Figure 8.9 shows the part of the execution unit that contains the ALU. The first operand (A) of the ALU is always op1 (obtained from the operand fetch unit). However, the second operand (B) can either be a register or the sign extended immediate. This is decided by the isImmediate signal generated by the control unit. The isImmediate signal is equal to the value of the immediate bit in the instruction. If it is 1, then the multiplexer in Figure 8.9 chooses immx as the operand. If it is 0, then op2 is chosen as the operand. The ALU takes as input a set of signals known collectively as aluSignals. They are generated by the control unit, and specify the type of ALU operation. The result of the ALU is termed as aluResult.

Figure 8.10 shows the design of the ALU. The ALU contains a set of modules. Each module computes a separate arithmetic or logical function such as addition or division. Secondly, each module has a dedicated signal that enables or disables it. For example, there is no reason to enable the divider when we want to perform simple addition. There are several ways that we can enable or disable an unit. The simplest method is to use a transmission gate for every input bit. A transmission gate is shown in Figure 8.11. If the signal (S)



Figure 8.8: Branch Unit



Figure 8.9: ALU

is turned on, then the output reflects the value of the input. Otherwise, it maintains its previous value. Thus, if the enabling signal is off, then the module does not see the new inputs. It thus does not dissipate any power, and is effectively disabled.

Let us consider each of the modules in the ALU one after another. The most commonly used module is the adder. It is used by add, sub, and cmp instructions, as well as by load and store instructions to compute the memory address. It takes A and B as inputs. Here, A and B are the values of the source operands. If the isAdd signal is turned on, then the adder adds the operands. Likewise, if the isSub signal is turned on, then the adder adds the 2's complement of B with A. In effect, it subtracts B from A. If the isCmp flag is turned on, then the adder unit subtracts B from A and sets the value of the flags register. If the



Figure 8.10: ALU



Figure 8.11: A transmission gate

output is 0, then it sets the E bit. If the output is positive, it sets the GT bit. If none of these signals (isAdd/isSub/isCmp) is true, then the adder is disabled.

The multiplier and divider function in a similar manner. The multiplier is enabled by the isMul signal, and the divider is enabled by the isDiv or isMod signal. If the isDiv signal is true, then the result is the quotient of the division, whereas, if the isMod signal is true, the result is the remainder of the division.

The shift unit left shifts, or right shifts A, by B positions. It takes three signals -isLsl, isLsr, and isAsr. The logical unit consists of a set of AND, OR, and NOT gates. They are enabled by the signals isOr, isAnd, and isNot respectively. The Mov unit is slightly special in the sense that it is the simplest. If the isMov signal is true, then the output is equal to B. Otherwise, it is disabled.

To summarise, we show the full design of the execution unit (branch unit and ALU) in Figure 8.12. To set the output (aluResult), we need a multiplexer that can choose the right output out of all the modules in

the ALU. We do not show this multiplexer in Figure 8.12. We leave the detailed design of the ALU circuit along with the transmission gates and output multiplexer as an exercise for the reader.
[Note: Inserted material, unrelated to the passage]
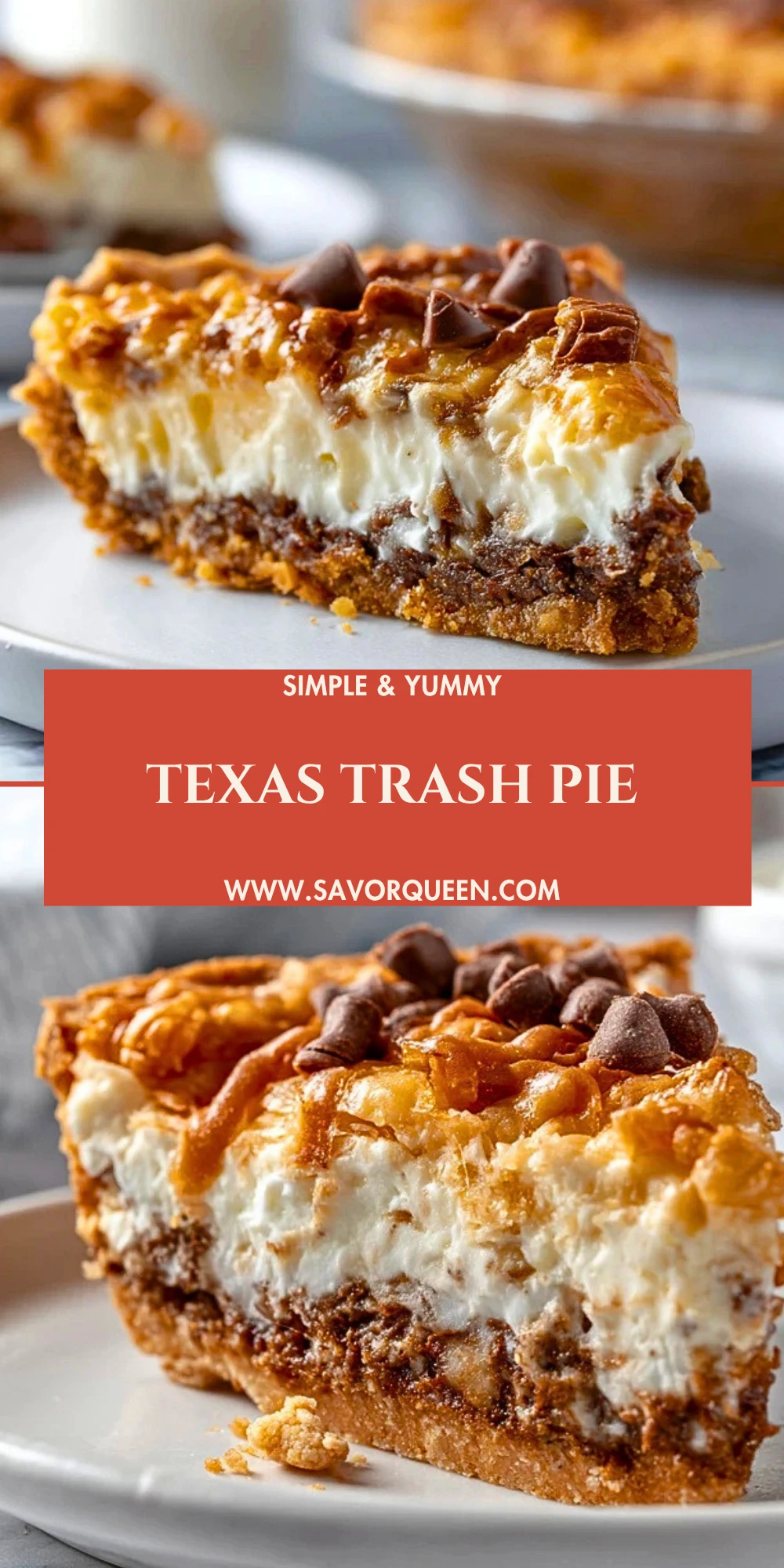 Keywords: Texas Trash Pie, easy dessert, Southern pie, chocolate caramel pie, coconut pecan pie, holiday dessert, pie recipe, comfort food dessert

Figure 8.12: Execute Unit (Branch and ALU unit)

## 8.2.5 Memory Access Unit

Figure 8.13 shows the memory access unit. It has two inputs – data and address. The address is calculated by the ALU. It is equal to the result of the ALU (aluResult). Both the load and store instructions use this address. The address is saved in a register traditionally known as MAR (memory address register).

Let us now consider the case of a load instruction. In SimpleRisc, the format of the load instruction is  $ld\ rd,\ imm[rs1]$ . The memory address is equal to the immediate value plus the contents of register, rs1. This is the value of aluResult. The memory unit does not require any other inputs. It can proceed to fetch the value of the memory address from the data memory. The memory unit reads 4 bytes starting from the memory address. The result (ldResult) is now ready to be written to the destination register.

The format of the store instruction is:  $st\ rd$ , imm[rs1]. The address is computed using the ALU similar to the way the address is calculated for the load instruction. For the store instruction, rd is a source register. The contents of register  $rd\ (reg[rd])$  are read by the operand fetch unit (see Section 8.2.3). This value is termed as op2 in Figure 8.6. op2 contains the contents of register rd, and represents the data of the store



Figure 8.13: Memory Unit

instruction. The memory unit writes the value of op2 to the MDR (memory data register) register. In parallel, it proceeds to write the data to data memory. The store instruction does not have an output.

Note that here also we follow the same naming scheme as we had followed for PC and pc. MAR is an acronym for (memory address register), whereas mar refers specifically to the mar register in the data path.

Now, the memory unit takes two control signals as inputs -isLd, and isSt. For obvious reasons, at most one of these signals can be true at any one time. If none of these signals is true, then the instruction is not a memory instruction, and the memory unit is disabled.

A subtle point needs to be discussed here. MAR and MDR are traditionally referred to as registers. However, they are not conventional edge triggered registers. They are used like temporary buffers that buffer the address and the store values till the memory request completes.

## 8.2.6 Register Writeback Unit

The last step of instruction processing is to write the computed values back to the register file. This value can be the output of a load or ALU instruction, or the return address written by the *call* instruction. This process is known as writeback, or register writeback. We refer to this unit as the  $register\ writeback(RW)$  unit. Its circuit diagram is shown in Figure 8.14.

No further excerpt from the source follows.